The enzymatic synthesis of nucleoside analogues has been shown to be a sustainable and efficient alternative to chemical synthesis routes. In this study, dihalogenated nucleoside analogues were produced by thermostable nucleoside phosphorylases in transglycosylation reactions using uridine or thymidine as sugar donors. Prior to the enzymatic process, ideal maximum product yields were calculated after the determination of equilibrium constants through monitoring the equilibrium conversion in analytical-scale reactions. Equilibrium constants for dihalogenated nucleosides were comparable to known purine nucleosides, ranging between 0.071 and 0.081. To achieve 90% product yield in the enzymatic process, an approximately five-fold excess of sugar donor was needed. Nucleoside analogues were purified by semi-preparative HPLC, and yields of purified product were approximately 50% for all target compounds. To evaluate the impact of halogen atoms in positions 2 and 6 on the antiproliferative activity in leukemic cell lines, the cytotoxic potential of dihalogenated nucleoside analogues was studied in the leukemic cell line HL-60. Interestingly, the inhibition of HL-60 cells with dihalogenated nucleoside analogues was substantially lower than with monohalogenated cladribine, which is known to show high antiproliferative activity. Taken together, we demonstrate that thermodynamic calculations and small-scale experiments can be used to produce nucleoside analogues with high yields and purity on larger scales. The procedure can be used for the generation of new libraries of nucleoside analogues for screening experiments or to replace the chemical synthesis routes of marketed nucleoside drugs by enzymatic processes.

A acyl-removing and protect the 2, 6 - position halogenated purine nucleoside method (by machine translation)

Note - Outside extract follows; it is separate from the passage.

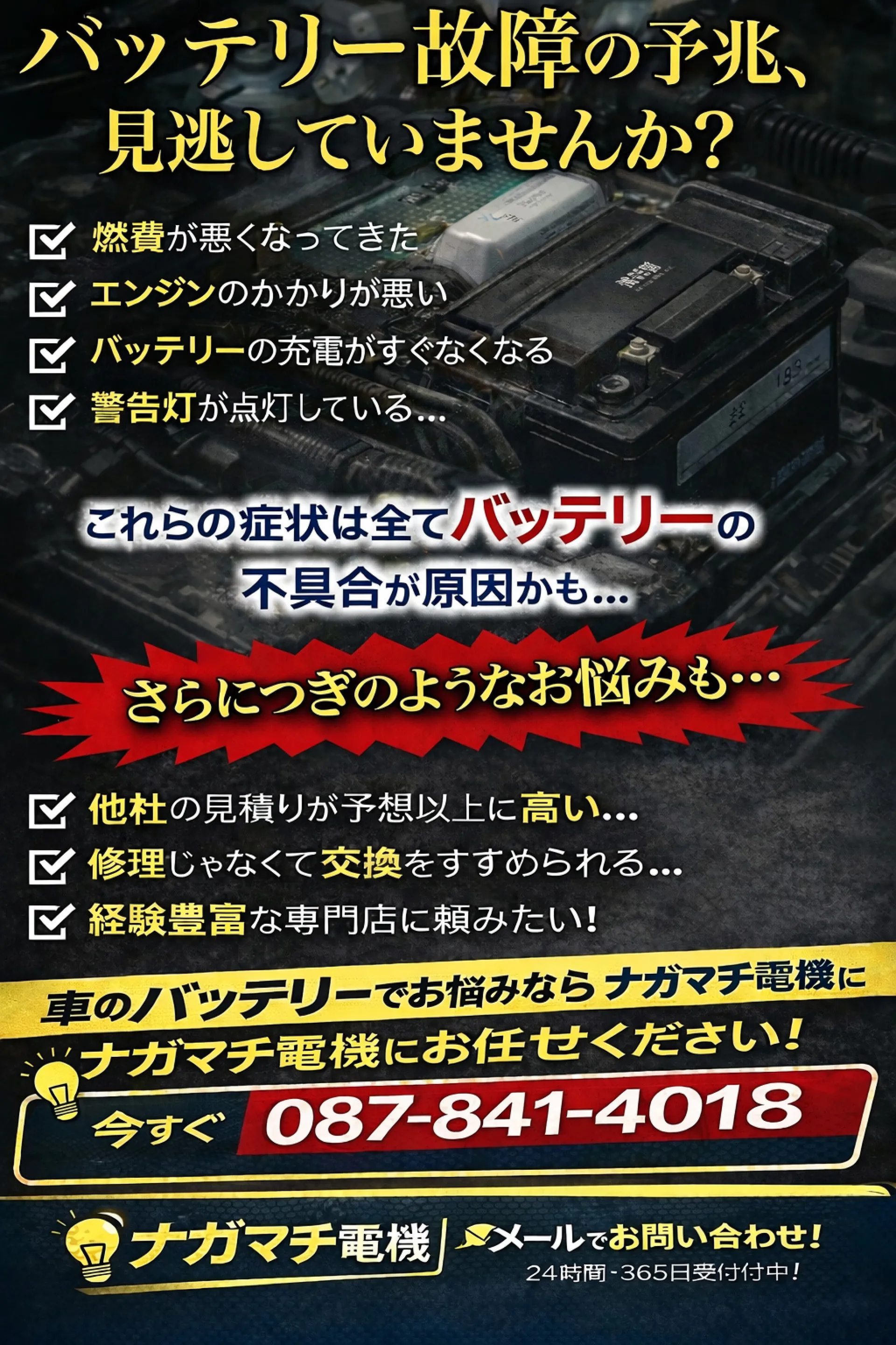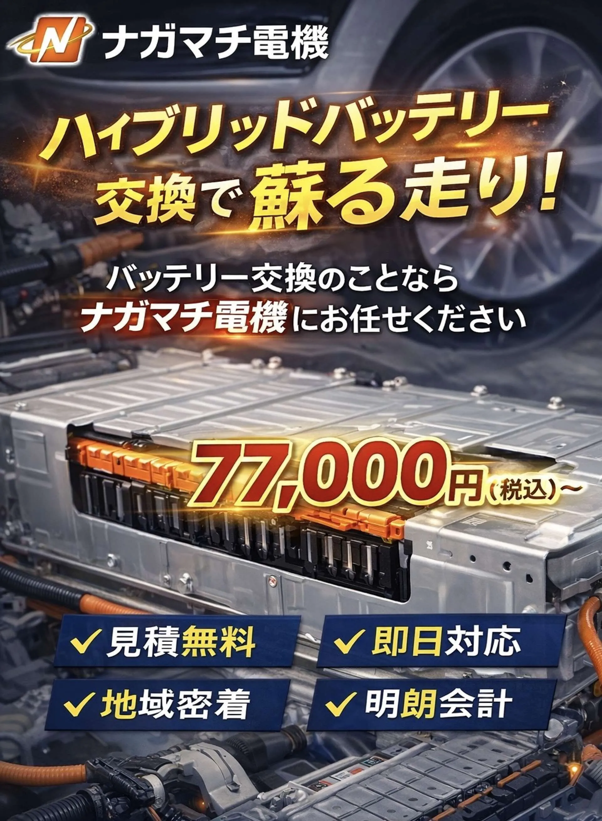 ナガマチ電機では、ハイブリッドバッテリーの状態を丁寧に確認したうえで、車両の状態に合わせた交換・修理をご提案しています。

Invention discloses a deacylated and protect the 2, 6 - position halogenated purine nucleoside. In order to acetyl or benzoyl protection of 2, 6 - position halogenated purine nucleoside as raw materials, using acetyl chloride/alcohol system carries acetyl or benzoyl to obtain 2, 6 - position halogenated purine nucleoside, the method avoids the conventional method liquid ammonia/methanol or hydrochloric acid/methanol system, halogen atoms are amino or alkoxy substituted by-product, after treatment is simple, and high product purity, is suitable for industrial scale production. (by machine translation)

Method for compounding 2,6-dichloropurine nucleoside by using inosine as raw material

The invention discloses a method for compounding 2,6-dichloropurine nucleoside by using inosine as a raw material. The method is characterized by using cheap inosine as the raw material; obtaining 6-chlorine triacetyl purine nucleoside through acetylation

Direct One-Pot Synthesis of Nucleosides from Unprotected or 5-O-Monoprotected d -Ribose

New, improved methods to access nucleosides are of general interest not only to organic chemists but to the greater scientific community as a whole due their key implications in life and disease. Current synthetic methods involve multistep procedures employing protected sugars in the glycosylation of nucleobases. Using modified Mitsunobu conditions, we report on the first direct glycosylation of purine and pyrimidine nucleobases with unprotected d-ribose to provide β-pyranosyl nucleosides and a one-pot strategy to yield β-furanosides from the heterocycle and 5-O-monoprotected d-ribose.

Anti-HCV nucleoside derivatives

The present invention comprises novel and known purine and pyrimidine nucleoside derivatives which have been discovered to be active against hepatitis C virus (HCV). The use of these derivatives for the treatment of HCV infection is claimed as are the novel nucleoside derivatives disclosed herein.